NEW YORK: Investors bought into safe havens such as the dollar, yen and Swiss franc on Monday as concerns about a global recession heightened following US President Donald Trump’s sweeping tariffs on trading partners.
Global markets plunged on Monday, with Wall Street stocks trading lower after Asian shares sank, as investors wagered the mounting risk of a deep economic downturn could lead to a cut in US interest rates as early as May.
The risk-sensitive Australian and New Zealand dollars, as well as the Swedish and Norwegian crowns, all dropped against the dollar.
The dollar cut its losses against other safe-haven currencies.

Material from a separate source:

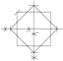 解析:先作正方形相邻两边的垂直平分线,然后再以垂直平分线的交点为圆心,对角线长度的一半为半径画弧,与两条垂直平分线交于四个点,依次连接即为所求图形.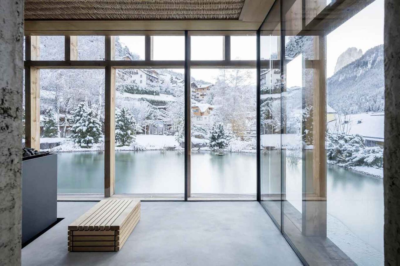 L’Hotel de Len è il mondo contemporaneo delle Dolomiti. Aperto nel 2022, è stato progettato dallo studio Gris+Dainese di Venezia come modello di benessere architettonico. Il nome de Len, che significa in ladino “di legno”, e il legno che predomina nel progetto con ambienti caldi e accoglienti. Una spa panoramica affacciata sulla vallata, tecnologie avanzate per il benessere, attività outdoor arricchiscono l’offerta di ospitalità.

It was up 0.50% against the yen to 147.605, after tumbling more than 1.4% earlier in the session.
The dollar also hit its lowest in six months against the Swiss franc and was last down 0.06% at 0.8605 franc in choppy trading..
“The only thing we know for sure is that it’s volatile … But I think broadly, leaving aside nuances, because tariffs are thought to be hurting world growth, those currencies that seem to be more like risk-on currencies – the dollar bloc and the Scandies – they are underperforming,” said Marc Chandler, chief market strategist at Bannockburn Global Forex in New York.
“On the other hand, the currencies that are typically safe-haven currencies – like the Swiss franc and yen – are performing better.”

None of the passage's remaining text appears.